Farewell, O Warbler! till to-morrow eve,
And you, my friends! farewell, a short farewell!
We have been loitering long and pleasantly,
And now for our dear homes.-That strain again!
Full fain it would delay me! My dear babe,
Who, capable of no articulate sound,
Mars all things with his imitative lisp,
How he would place his hand beside his ear,
His little hand, the small forefinger up,

And bid us listen! And I deem it wise

To make him Nature's playmate. He knows well
The evening-star; and once, when he awoke
In most distressful mood (some inward pain
Had made up that strange thing, an infant's dream.

I hurried with him to our orchard-plot,

And he beheld the moon, and, hushed at once,

Suspends his sobs, and laughs most silently,

While his fair eyes, that swam with undropped tears, Did glitter in the yellow moon-beam!

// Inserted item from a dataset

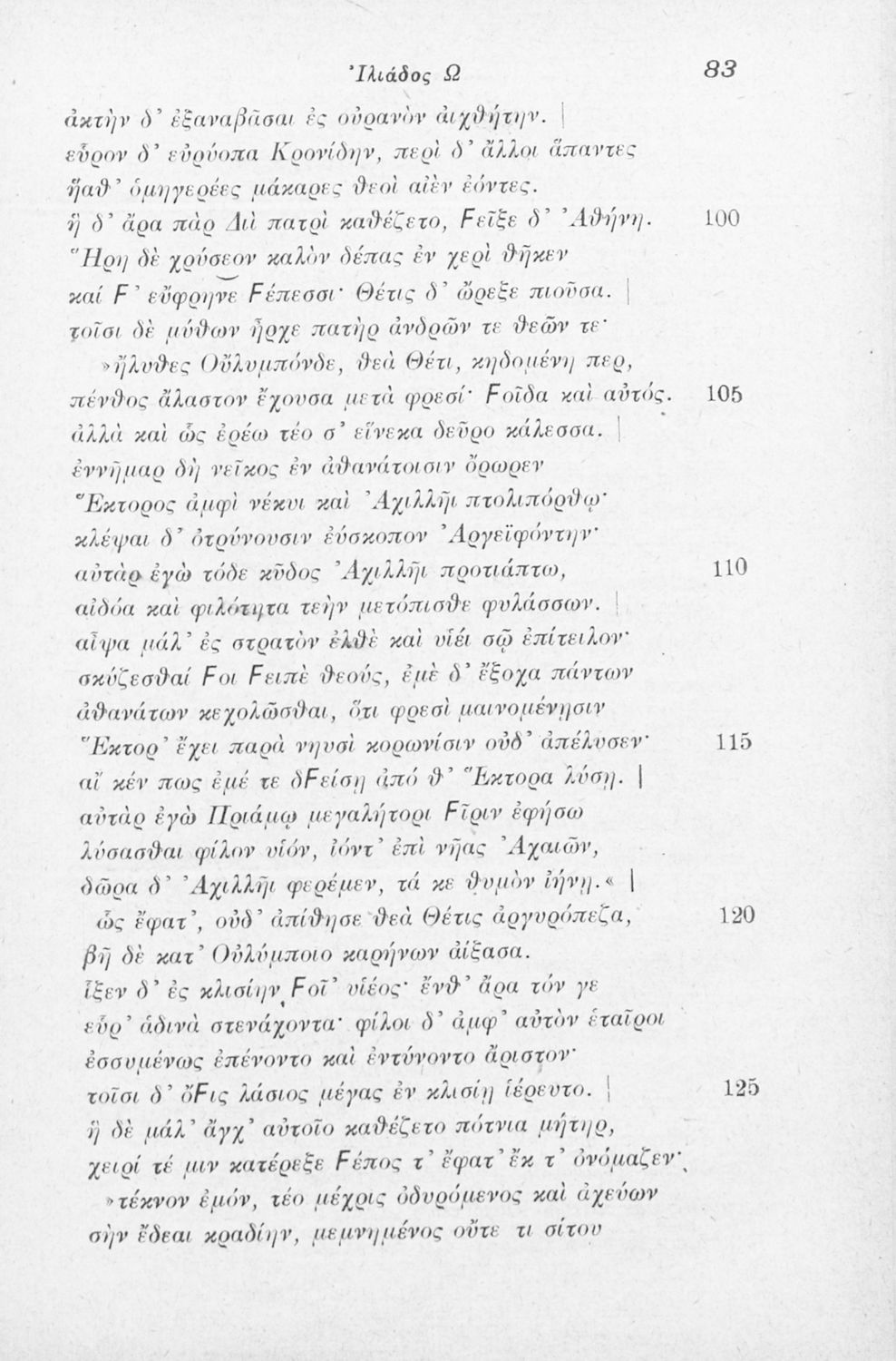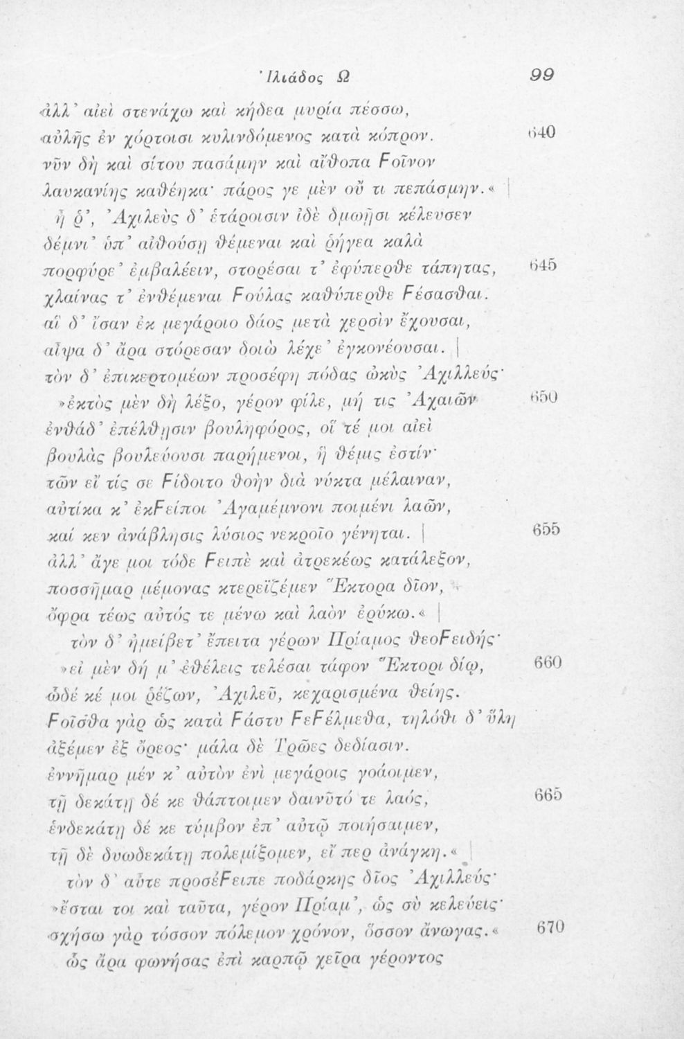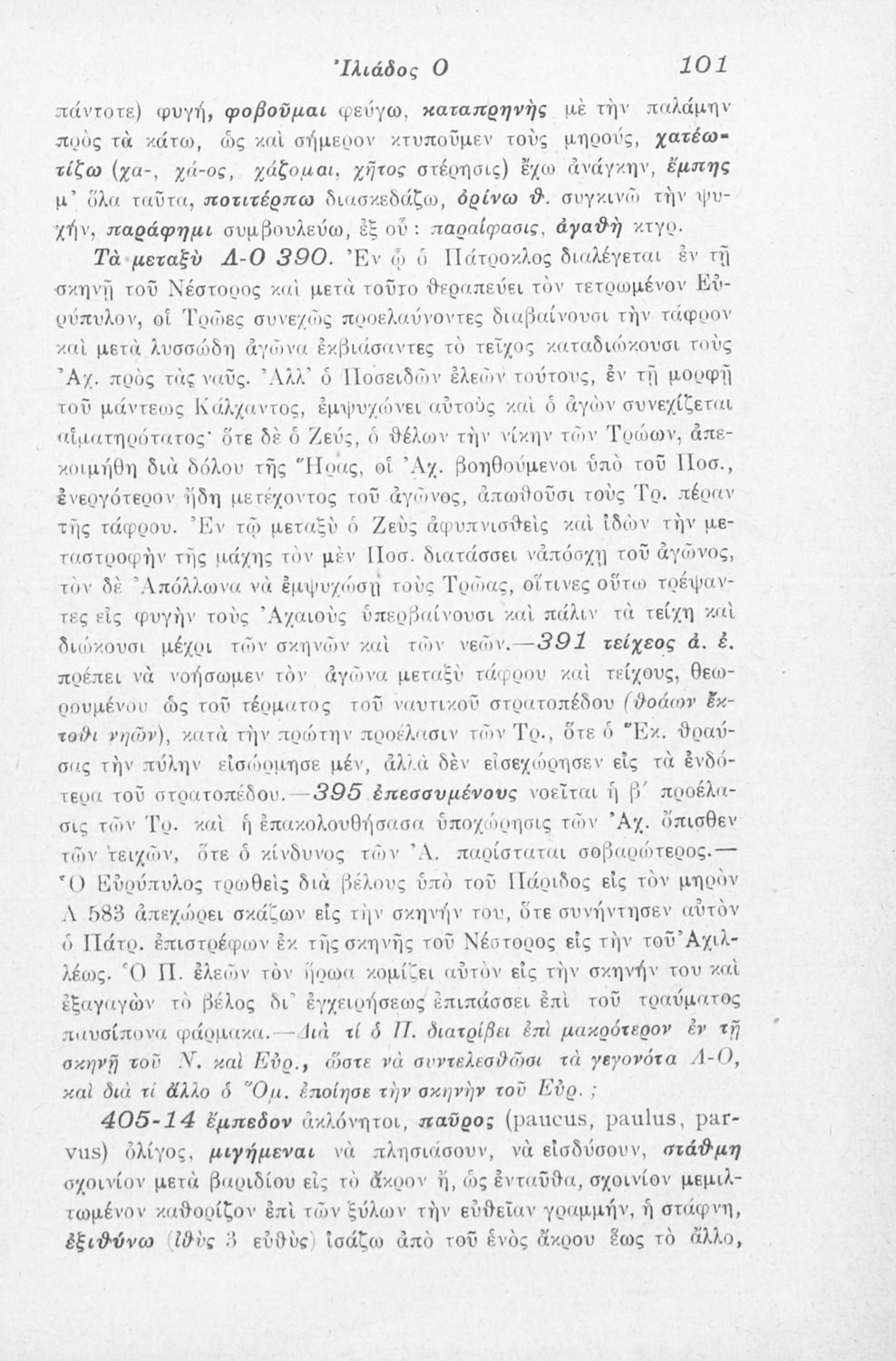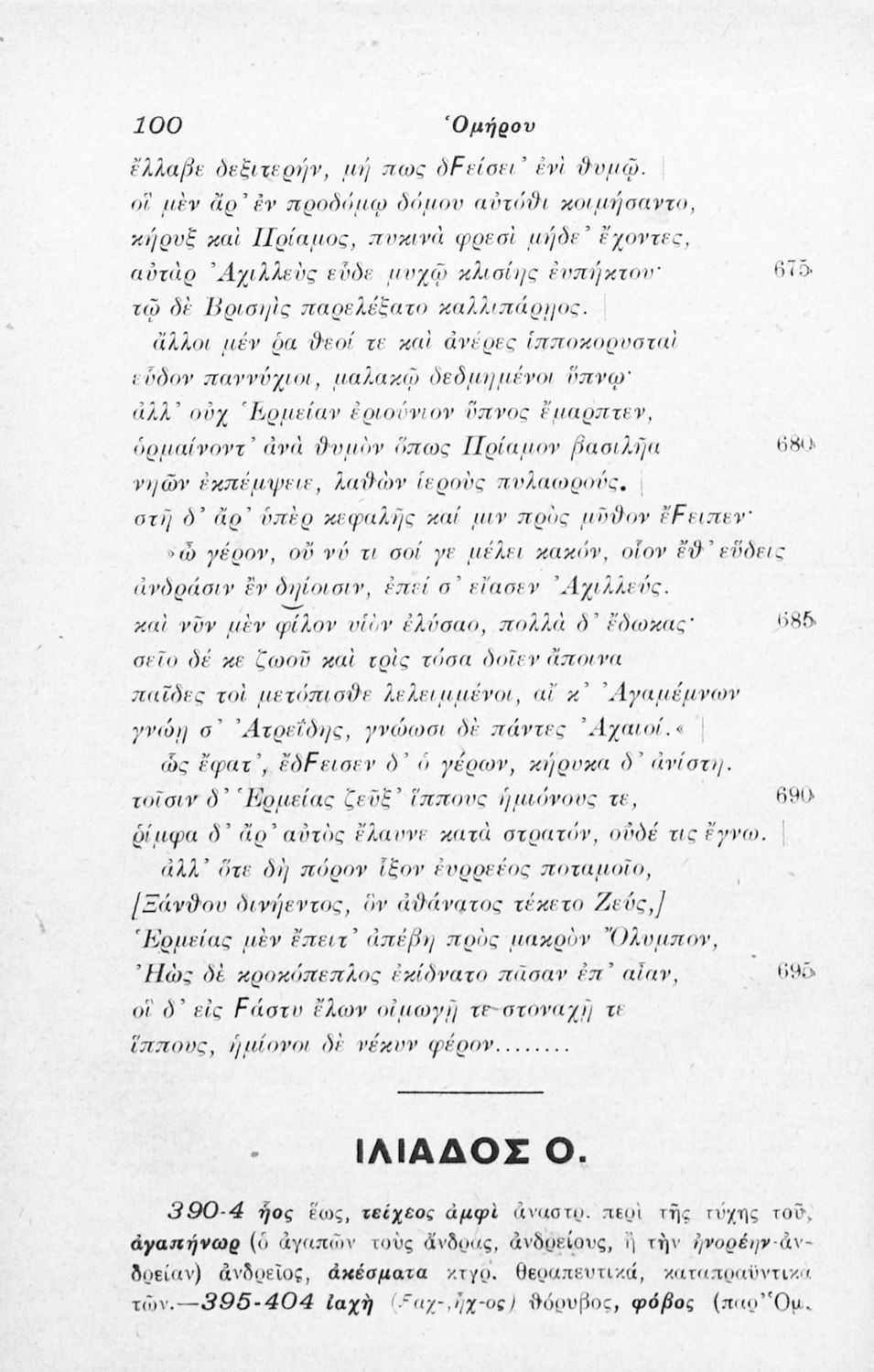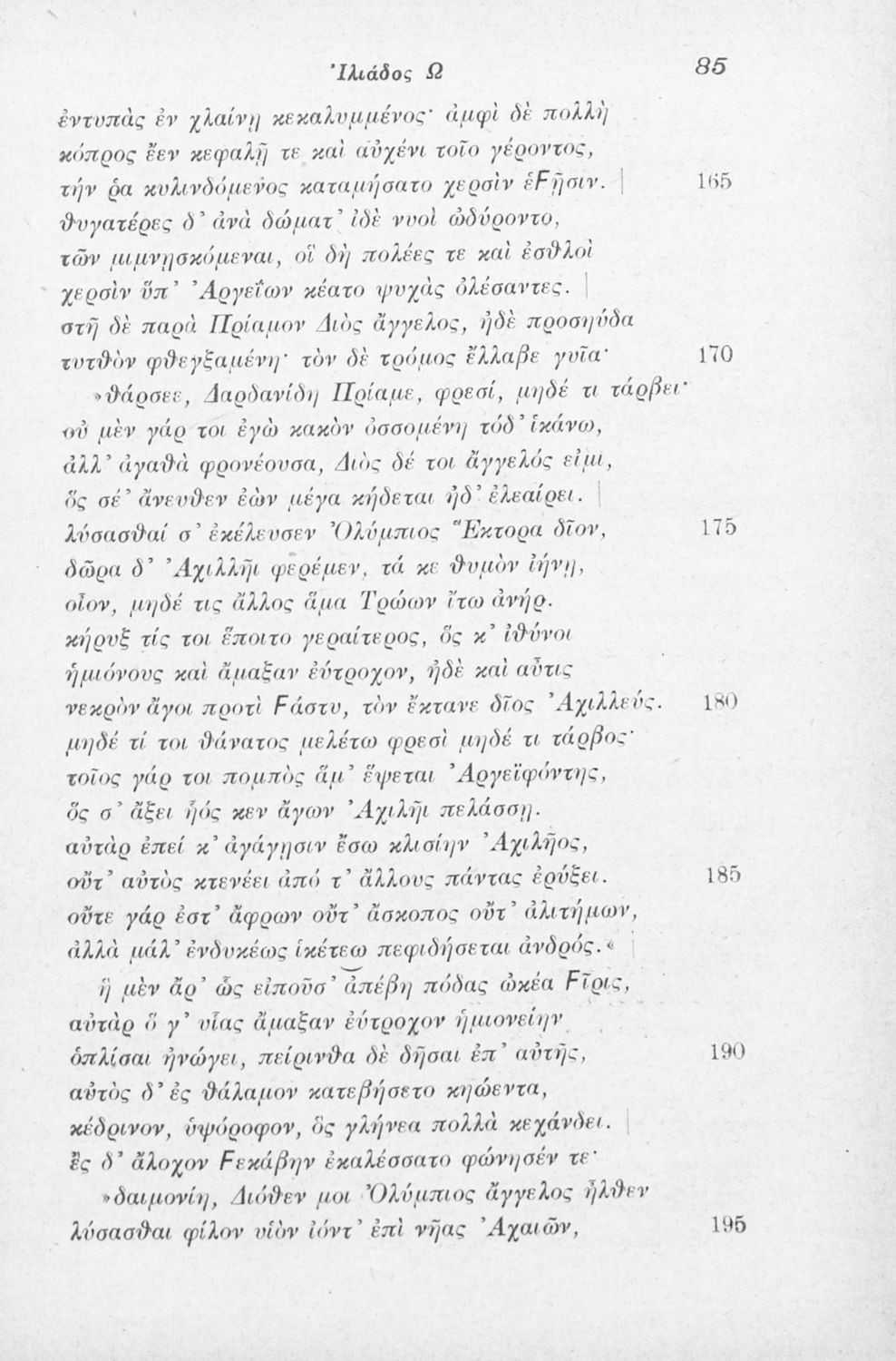 Μαθητικό βοήθημα του Ελληνικού Σχολείου, των Παρθεναγωγείων και του Γυμνασίου για το μάθημα των Αρχαίων Ελληνικών. Περιέχει τις ραψωδίες Ο, Π, Ρ, Σ, Τ, Χ, ψ, Ω από το πρωτότυπο με σχόλια και ερμηνευτικές ...

Well!-

It is a father's tale: But if that Heaven

Should give me life, his childhood shall grow up
Familiar with these songs, that with the night.
He may associate joy.-Once more, farewell,
Sweet Nightingale! Once more, my friends! farewell.

FROST AT MIDNIGHT.

THE frost performs its secret ministry,
Unhelped by any wind. The owlet's cry
Came loud-and hark, again! loud as before.
The inmates of my cottage, all at rest,
Have left me to that solitude, which suits
Abstruser musings: save that at my side
My cradled infant slumbers peacefully.
'Tis calm indeed! so calm, that it disturbs
And vexes meditation with its strange

And extreme silentness. Sea, hill, and wood,
This populous village! Sea, and hill, and wood,
With all the numberless goings on of life,
Inaudible as dreams! the thin blue flame
Lies on my low burnt fire, and quivers not;
Only that film, which fluttered on the grate,
Still flutters there, the sole unquiet thing.
Methinks, its motion in this hush of nature
Gives it dim sympathies with me who live,
Making it a companionable form,

Whose puny flaps and freaks the idling Spirit
By its own moods interprets, everywhere
Echo or mirror seeking of itself,

And makes a toy of Thought.

But O! how oft,

How oft, at school, with most believing mind,
Fresageful, have I gazed upon the bars,
To watch that fluttering stranger and as oft
With unclosed lids, already had I dreamt

Of my sweet birth-place, and the old church-tower,
Whose bells, the poor man's only music, rang.